With the pictures set aside, write out all of the data exactly as it stands.

══ RECORDS SUPPLIED ══

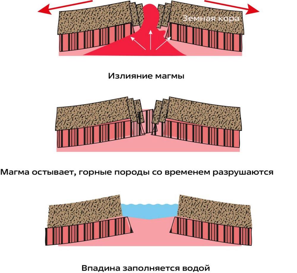 По другой теории, дно Балтийского море рифтовая структура (от англ. rift трещина, расселина). Впадина образовалась задолго до прихода ледника, по причине движения земной коры.
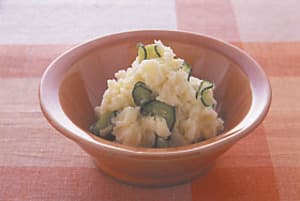 じゃがいもは皮をむいてボールに入れ、フォークでざっとつぶす。らっきょう、らっきょうの漬け汁、マヨネーズ大さじ2を加えて混ぜ、きゅうりを入れて混ぜ合わせる。
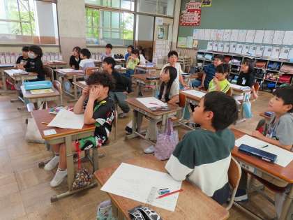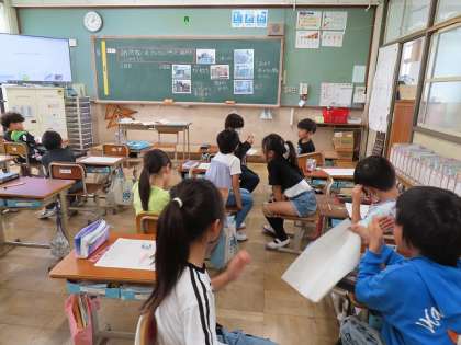 校区たんけんに行ったときにどんなものがあったか、疑問に思うことなどをみんなで話し合いました。「今まで気にしてなかったけど、確かに・・」という声が聞こえていました。
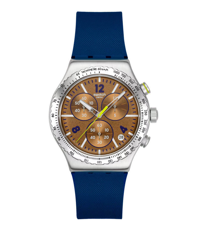 This chronograph features a brown dial with dark blue printed numerals and minute markers, white printed hour markers, brown subdials with sun-brushed finishing and brown and white print, and a date window between 4 and 5 o'clock. Silver-colored hour and minute hands that glow in the dark and a yellow chronograph seconds hand point to the time. The brushed stainless steel case is complemented by a polished stainless steel bezel with a black engraved tachymeter scale, a textured matte dark blue strap with matte dark blue loops, and a brushed stainless steel half-buckle.
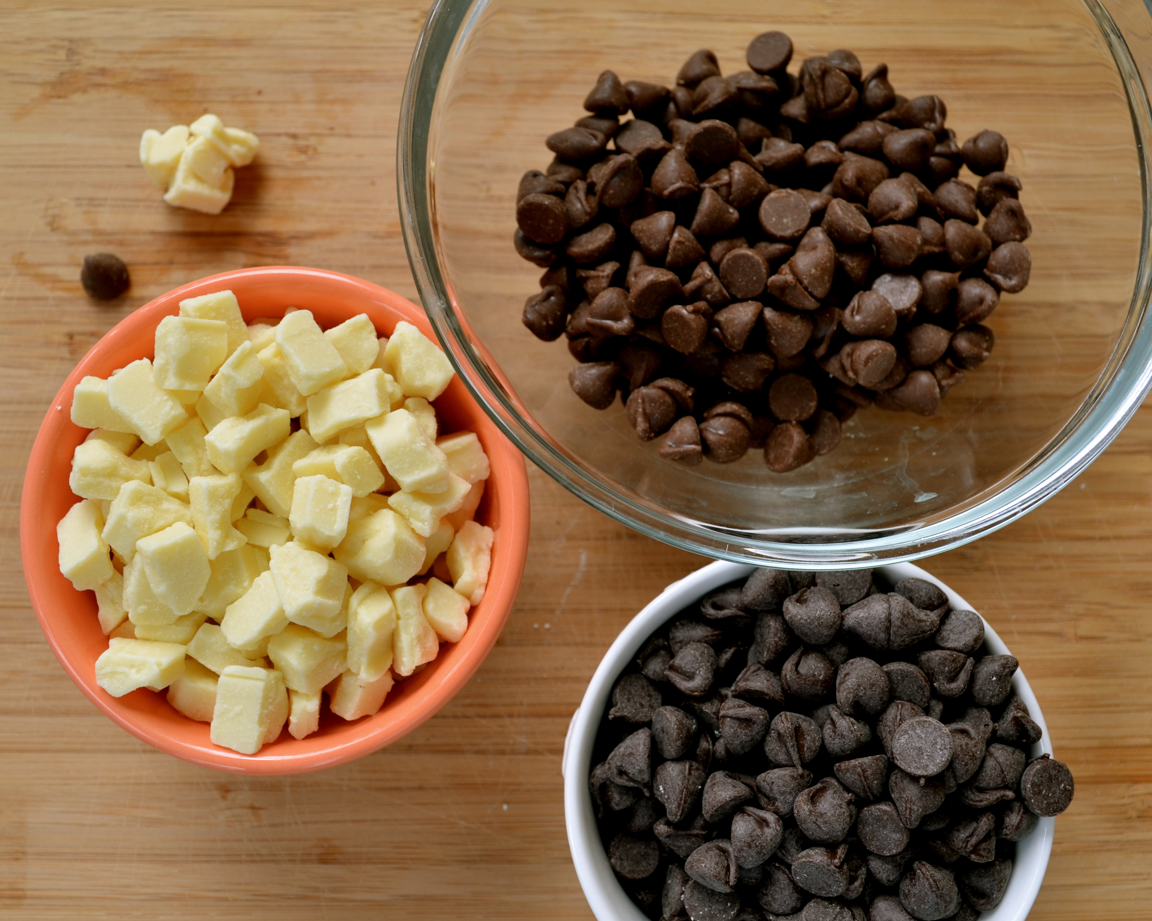 Add some white, milk and semi sweet chocolate…
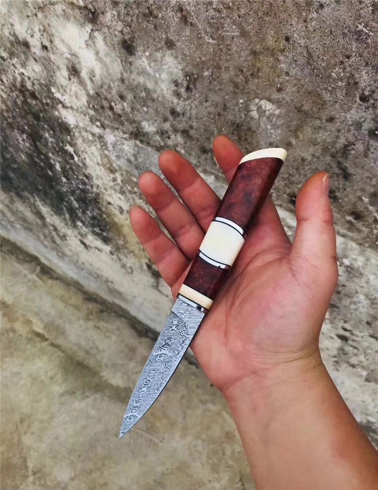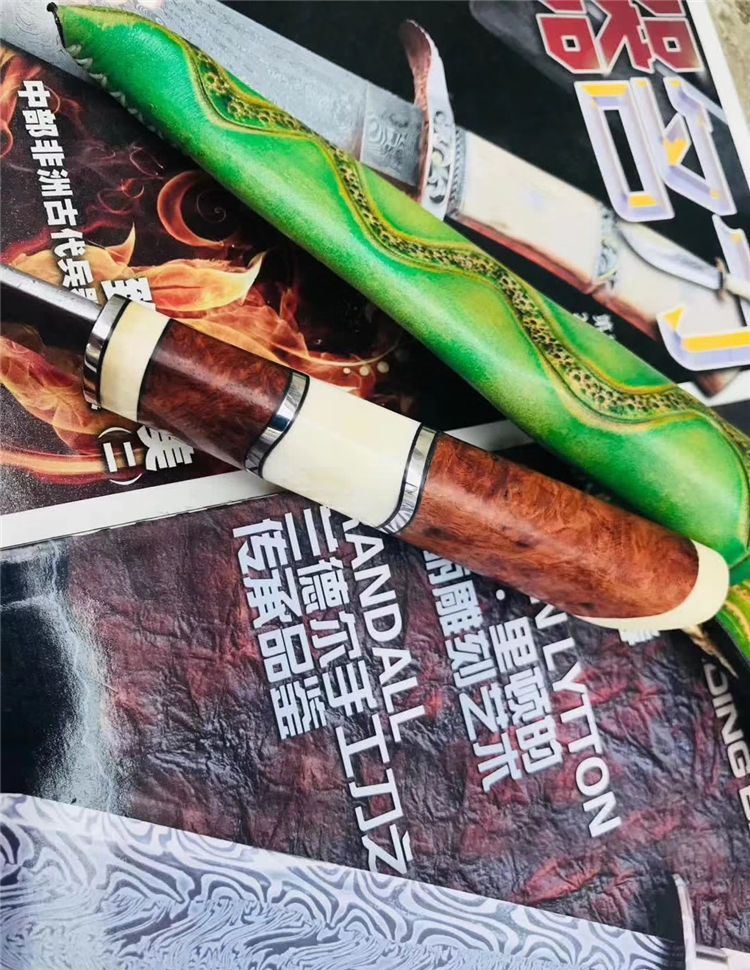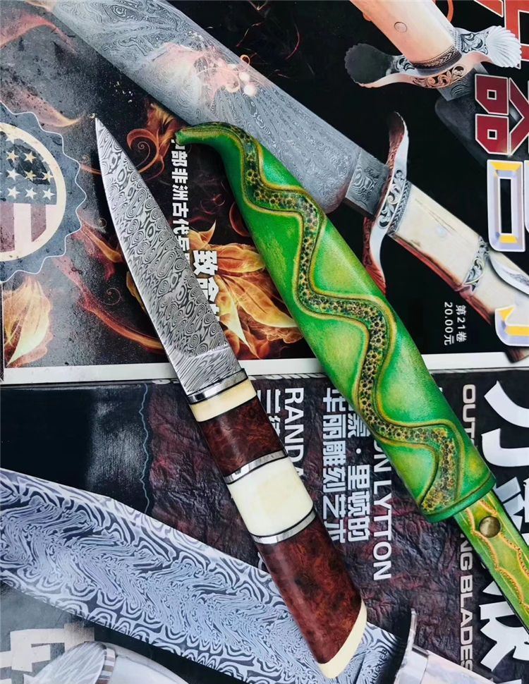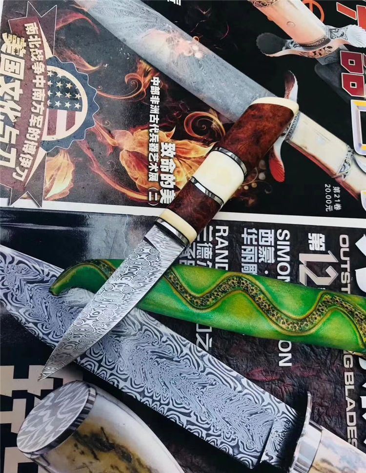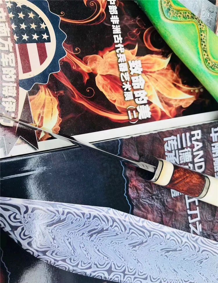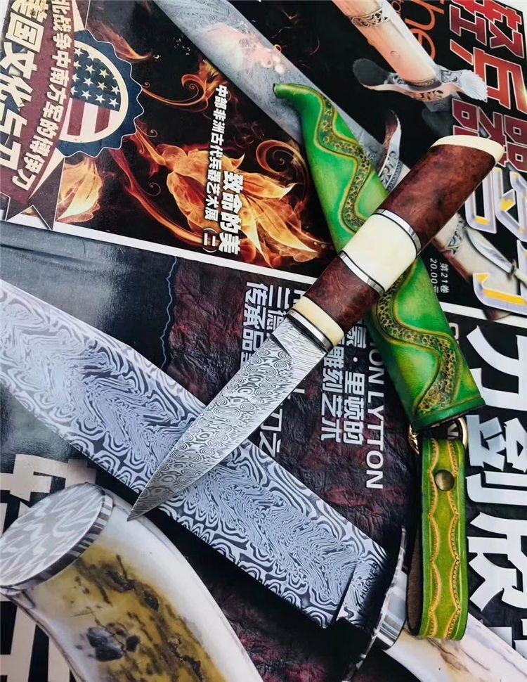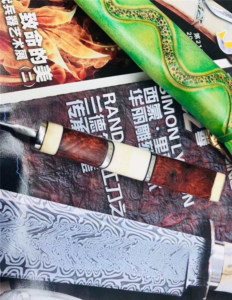 瑞芬火焰纹大马士革直刀 全长:200mm 刃长:90mm 刃宽:20mm 刃厚:3.5mm 材料:进口瑞典瑞芬火焰纹 硬度:60-61 海鸥海象牙+猛犸牙系列 配手工皮套 小清新皮套拉线欧式风格, 手柄材料搭配海象牙+猛犸牙+大马隔片+缅甸花梨瘤+黑钢纸隔片预定版
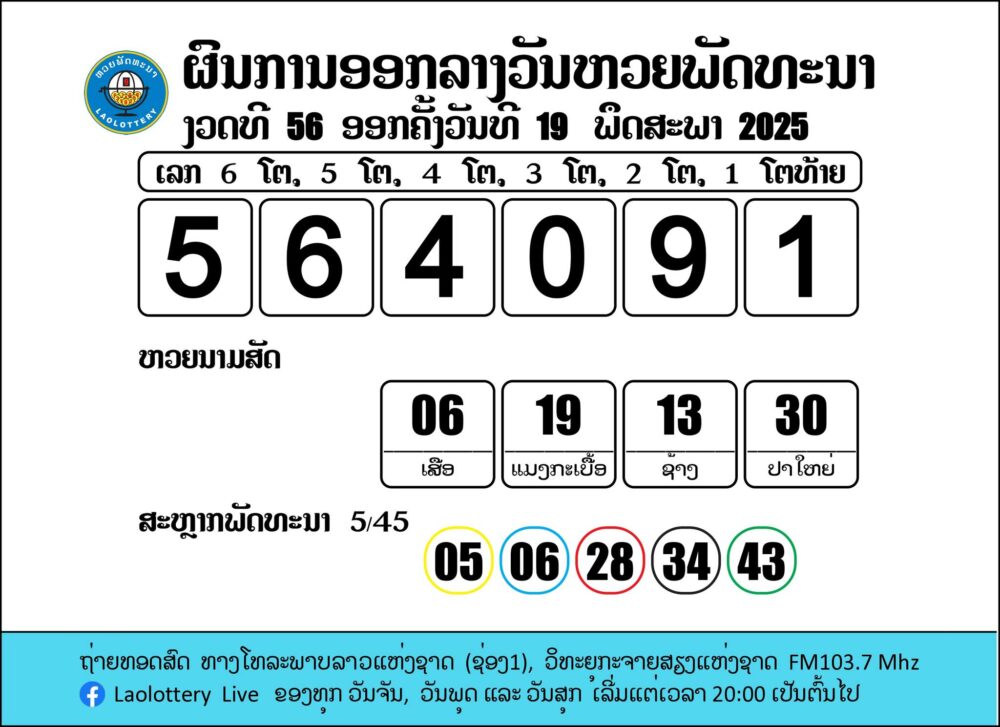 ຖ່າຍທອດສົດການອອກເລກລາງວັນຫວຍພັດທະນາ 19/5/2025
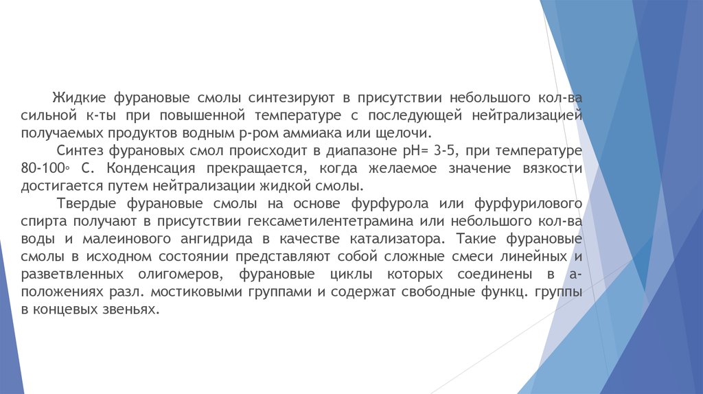 Синтез фурановых смол происходит в диапазоне рН= 3-5, при температуре
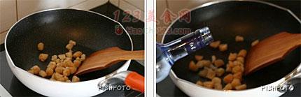 6、再倒入几滴白酒,翻炒几下后盛出备用。
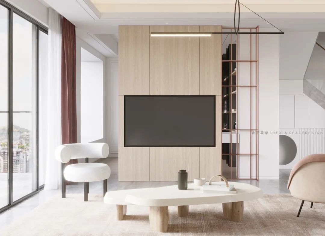 ▲电视墙面积较小、以木饰面为背景,左边是过道,右边加入金属展示架,布置上时尚造型的现代风沙发与小茶几,结合极简优雅的吊灯,搭配上粉色的窗帘布置,营造出一种简单奢华的高级气质。
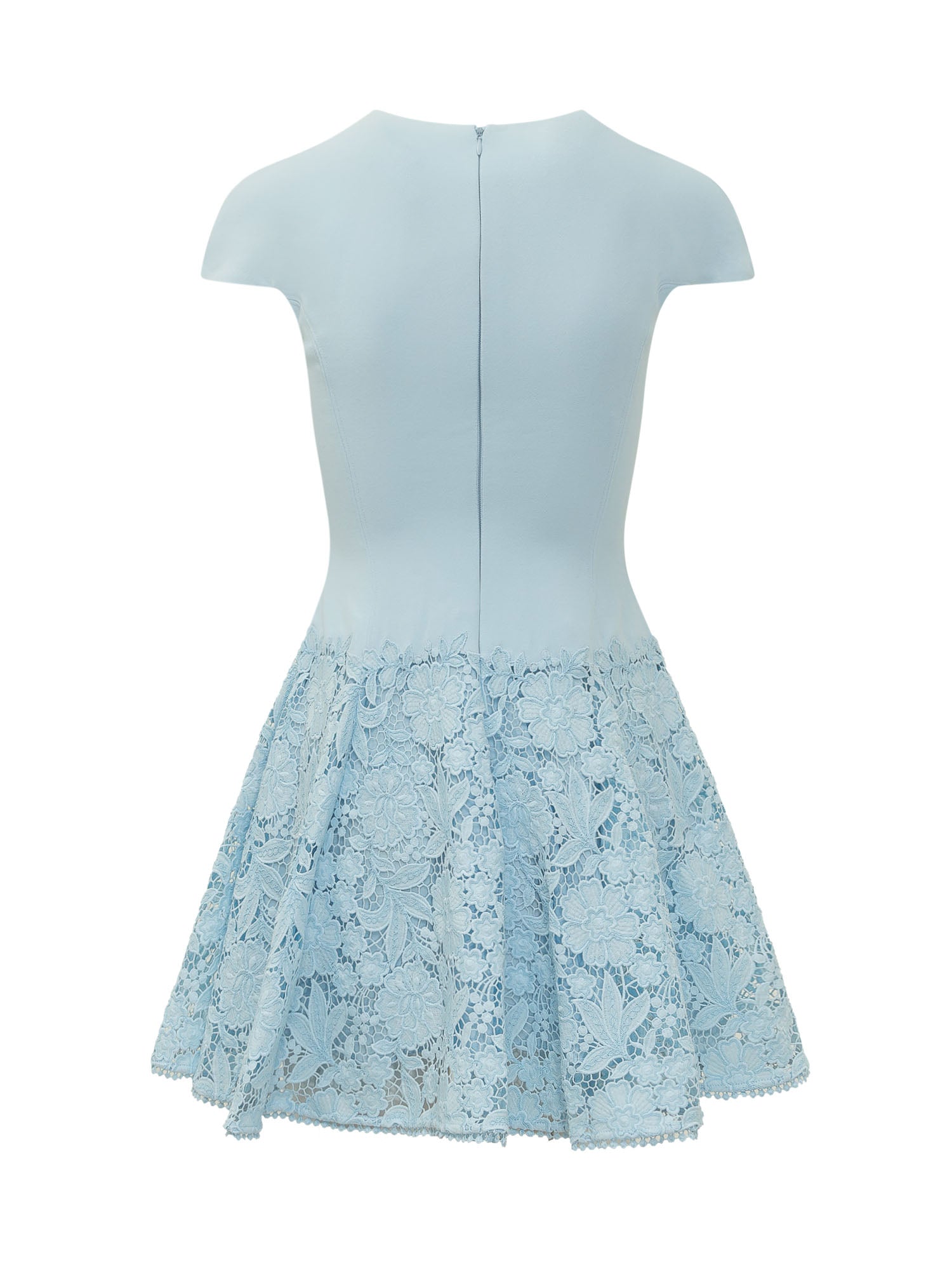 Aabito mini da donna in crepe azzurro con maniche corte e busto aderente. La gonna svasata in pizzo floreale dona movimento ed eleganza, perfetto per cerimonie, eventi e occasioni speciali.
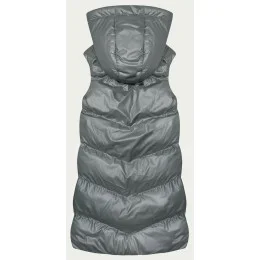 Dlouhá šedá péřová vesta s kapucí model 18823034 - J.STYLE
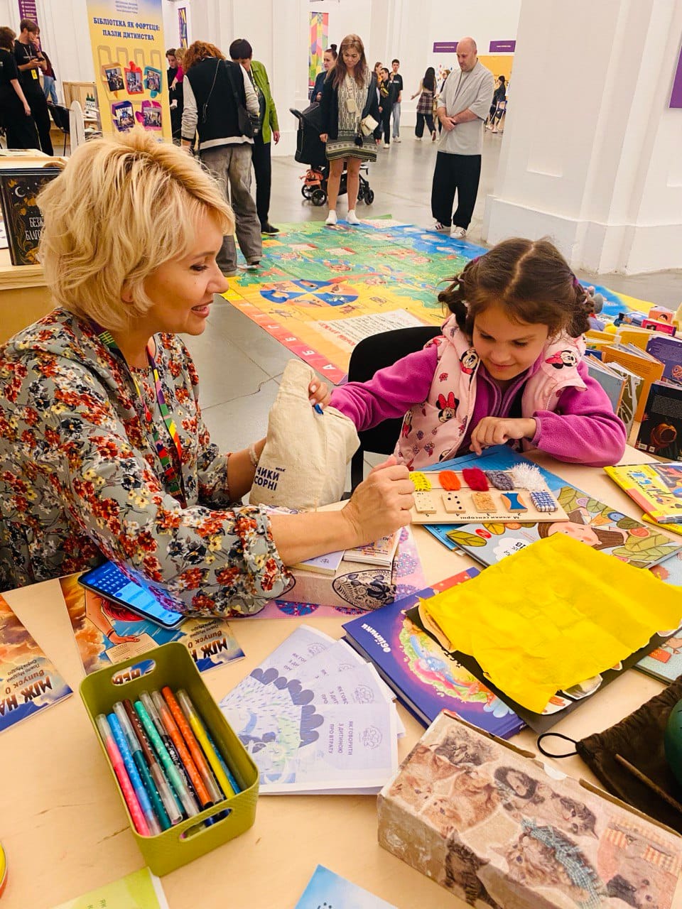 Психологи бібліотеки запропонували різноманіття занять для маленьких і великих: метафоричні карти для матусь, тактильні книжки та іграшки для малечі. Дітям особливо сподобалося грати на незвичайних музичних інструментах – глюкофоні та калімбі; а метод зцілення м’якою іграшкою також припав до душі і дорослим. До речі, деякі відвідувачі отримали вподобане іграшкове звірятко у подарунок.

═══

» WRITTEN REPLY:
 По другой теории, дно Балтийского море рифтовая структура (от англ. rift трещина, расселина). Впадина образовалась задолго до прихода ледника, по причине движения земной коры.
 じゃがいもは皮をむいてボールに入れ、フォークでざっとつぶす。らっきょう、らっきょうの漬け汁、マヨネーズ大さじ2を加えて混ぜ、きゅうりを入れて混ぜ合わせる。
 校区たんけんに行ったときにどんなものがあったか、疑問に思うことなどをみんなで話し合いました。「今まで気にしてなかったけど、確かに・・」という声が聞こえていました。
 This chronograph features a brown dial with dark blue printed numerals and minute markers, white printed hour markers, brown subdials with sun-brushed finishing and brown and white print, and a date window between 4 and 5 o'clock. Silver-colored hour and minute hands that glow in the dark and a yellow chronograph seconds hand point to the time. The brushed stainless steel case is complemented by a polished stainless steel bezel with a black engraved tachymeter scale, a textured matte dark blue strap with matte dark blue loops, and a brushed stainless steel half-buckle.
 Add some white, milk and semi sweet chocolate…
 瑞芬火焰纹大马士革直刀 全长:200mm 刃长:90mm 刃宽:20mm 刃厚:3.5mm 材料:进口瑞典瑞芬火焰纹 硬度:60-61 海鸥海象牙+猛犸牙系列 配手工皮套 小清新皮套拉线欧式风格, 手柄材料搭配海象牙+猛犸牙+大马隔片+缅甸花梨瘤+黑钢纸隔片预定版
 ຖ່າຍທອດສົດການອອກເລກລາງວັນຫວຍພັດທະນາ 19/5/2025
 Синтез фурановых смол происходит в диапазоне рН= 3-5, при температуре
 6、再倒入几滴白酒,翻炒几下后盛出备用。
 ▲电视墙面积较小、以木饰面为背景,左边是过道,右边加入金属展示架,布置上时尚造型的现代风沙发与小茶几,结合极简优雅的吊灯,搭配上粉色的窗帘布置,营造出一种简单奢华的高级气质。
 Aabito mini da donna in crepe azzurro con maniche corte e busto aderente. La gonna svasata in pizzo floreale dona movimento ed eleganza, perfetto per cerimonie, eventi e occasioni speciali.
 Dlouhá šedá péřová vesta s kapucí model 18823034 - J.STYLE
 Психологи бібліотеки запропонували різноманіття занять для маленьких і великих: метафоричні карти для матусь, тактильні книжки та іграшки для малечі. Дітям особливо сподобалося грати на незвичайних музичних інструментах – глюкофоні та калімбі; а метод зцілення м’якою іграшкою також припав до душі і дорослим. До речі, деякі відвідувачі отримали вподобане іграшкове звірятко у подарунок.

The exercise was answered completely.